Table 6(a) is a comparison with PointCNN [NIPS2018_7362] which was reported as the fastest in [NIPS2018_7362] among other methods. We used the code version available one the official PointCNN repository at the time of submission, and used the recommended network architecture. For both framework, we ran experiments on the Config. 1 computer. On the ModelNet40 classification dataset, our model is about 30% faster than PointCNN for training, but inference times are similar. The difference is more significant on the ShapeNet segmentation dataset. For a batch size of 4, our segmentation framework is more than 5 times faster for training, and 3 times faster at test time.
Moreover, we also show that our ConvPoint is more memory efficient than the implementation of PointCNN. The “” symbol in table 6 indicates batch sizes / numbers of points configurations that exceed the GPU memory. For example, we can train the classification model with 2048 points and batch size of 128, which is not possible with PointCNN (on an Nvidia GTX 1070 GPU). The same goes on ShapeNet where we can train with a batch size of 64 while PointCNN already uses too much GPU memory with batch size 8.
In table 6(b), we report timings for the largescale segmentation network and the fusion architecture, with a point cloud size of 8192. Note that for training this network we used NVidia GTX 1080Ti GPU. These timings represent the inference time only (neighborhood computation and convolutions), not data loading. We first observe that even the fusion architecture (two segmentation networks and a fusion module) can be run on the small configuration. Second, as for CNN with images, we benefit from using batches which reduce per point cloud computation time. Finally, our implementation is efficient given that for the segmentation network, we are able to process from 100,000 points (Config. 2) to 200,000 points (Config. 1) per second.
8 Discussion and limitations
Convolutional layer First, our convolution design is agnostic to the object scales, due to neighborhood normalization to the unit ball. It is of interest for non metric data such as CAD models or photogrammetric point clouds where scales are not always available. On the contrary, in metric scans, object sizes are valuable information (e.g., humans have almost all the time similar sizes) but removing the normalization would cause the kernel and the input points to have different volumes.
Second, an alternative is to use a fixedradius neighborhood instead of a fix number of neighbors. As pointed out in [thomas2019KPConv], the resulting features would be more related to geometry and less to sampling.
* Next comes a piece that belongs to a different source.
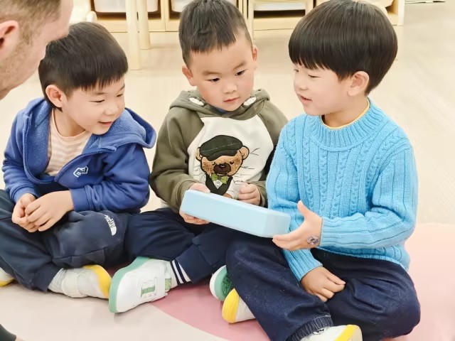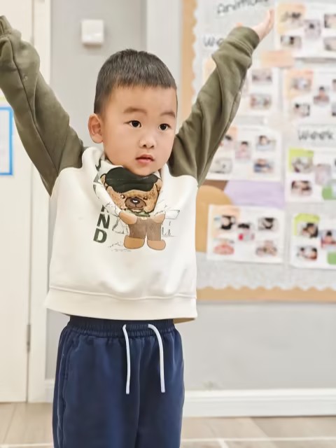 今天的中文课是一场热闹的海底探险!小朋友们跟着老师一起潜入海洋,认识了四位有趣的动物朋友。我们见到了拥有超能力的海星,孩子们不仅张开身体变成五角星,还用小手贴上吸盘贴纸,玩“吸住石头、松开石头”的游戏,最神奇的是大家一起大喊“再生”,把断掉的手臂变了出来。接着我们遇见了超级奶爸海马,孩子们模仿它卷卷的尾巴和站着游泳的姿势,看到老师扮演的海马爸爸从育儿袋里“生出”宝宝时,都惊讶得瞪大了眼睛。小丑鱼尼莫最受欢迎,大家一边在身上比划着橘白条纹,一边躲进“海葵”圈里,成功赶走了“鲨鱼“,。在认识了这些海洋朋友后,孩子们来到了手工桌旁,用彩色圆点贴纸为海星的“手臂”贴上一个个小吸盘。大家贴得可认真了,一边贴一边念叨着“吸盘吸住啦”,把自己心目中的海星打扮得漂漂亮亮。整节课下来,孩子们不仅通过身体游戏记住了海星再生、海马爸爸孵宝宝、小丑鱼与海葵共生这些特点,还亲手创作了自己的海洋伙伴,在认真中结束了今天的海底探险之旅。

However, the actual code optimization to speed up computation such as batch training would be inapplicable due to a variable number of neighbors in a batch.
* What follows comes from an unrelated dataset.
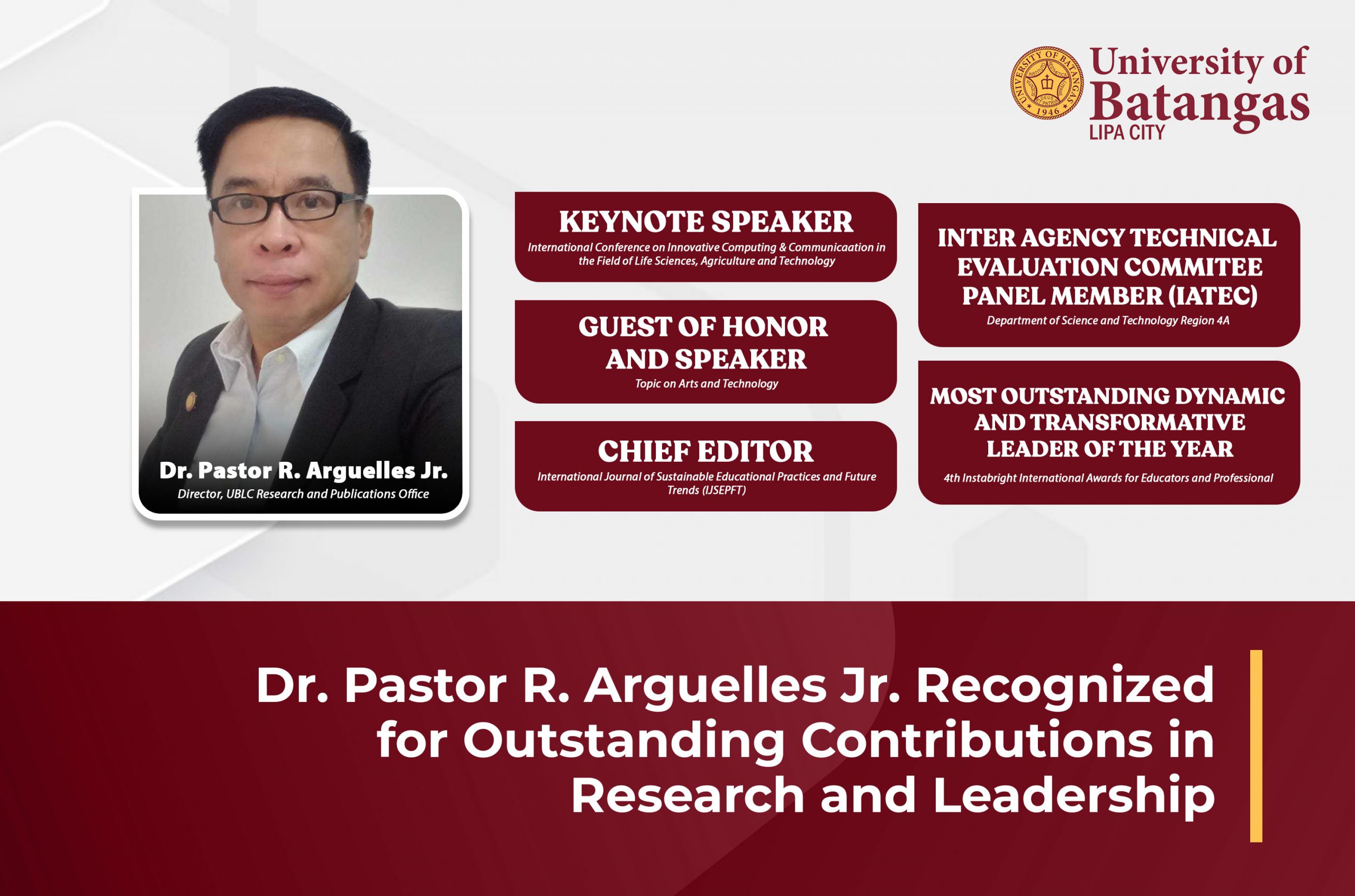 The University of Batangas Lipa City proudly recognizes Dr. Pastor R. Arguelles Jr., Director of the UBLC Research and Publications Office, for his remarkable achievements in academia, research, and leadership. His recent accolades and appointments solidify his role as a thought leader in education, technology, and sustainable practices.

Input features Another perspective is to explore the use of precomputed features as inputs. In this study, we only use raw data for network inputs: RGB colors when available, or all features set to 1 otherwise. In the future, we will work on feeding the networks with extra features such as normals or curvatures.
Network architecture Finally, we proposed two networks architectures that are widely inspired from computer vision models. It would be interesting to explore further variations of network architectures. As our formulation generalizes the discrete convolution, it is possible to transpose more CNN architectures, such as residual networks.
9 Conclusion
In this paper, we presented a new CNN framework for point cloud processing. The proposed formulation is a generalization of the discrete convolution for sparse and unstructured data. It is flexible and computationally efficient, which it makes it possible to build various network architectures for classification, part segmentation and largescale semantic segmentation. Through several experiments on various benchmarks, real and simulated, we have shown that our method is efficient and at state of the art.